Сдержанно шелестели страницы дела заключенного Дмитрия Афанасьевича Коптева. Экономный народ эти судейские работники, думал Греков, не любят изводить государственную бумагу. На восемнадцати страницах рассказана вся жизнь человека. Да, служил, отвечает и на вопрос следователя ЗК Коптев о службе в армии. Оказывается, родился в рубашке, если и Отечественную прошел и вернулся домой только с одним ранением в ногу.
Да, но как же после этого он мог пойти на то, о чем с неумолимой точностью свидетельствовали эти фиолетовые строчки, впечатанные в тускло-желтую бумагу: «Несмотря на упорное запирательство обвиняемого и категорическое отрицание им своей вины, народный суд на основании материалов предварительного следствия, показаний свидетелей и других прямых и косвенных улик, поименованных в протоколе, установил, что хищение социалистической колхозной собственности в количестве 3112 (трех тысяч ста двенадцати) килограммов зерна было произведено им с помощью колхозной грузовой автомашины ГАЗ-АА № PK 376-20. На основании вышеизложенного и руководствуясь статьей…»
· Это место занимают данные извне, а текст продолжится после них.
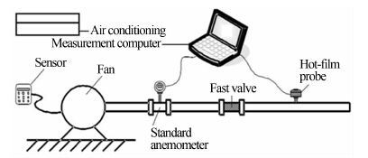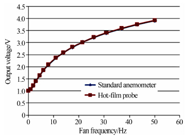 为了对复合热膜敏感探头的性能有所了解,采用吹风实验装置进行测试。该装置的基本结构如图 3所示。由风机产生一定速度的气流,流速的大小通过变频器调节;风机后面安装一台标准风速仪,该风速仪为丹麦的StreamLine热线风速仪,线性和重复性误差为±0.2%。

Греков закрыл папку. Он давно уже успел выучить эту статью, которой руководствовались суды, сообразуя меру наказания с мерой подобных преступлений. И никто не вправе был бы сказать, что мера наказания, избранная теперь судом, превышала меру того преступления, которое совершил ЗК Коптев. Не на десять килограммов зерна польстился, за которые по Указу люди тоже отсиживали большие сроки.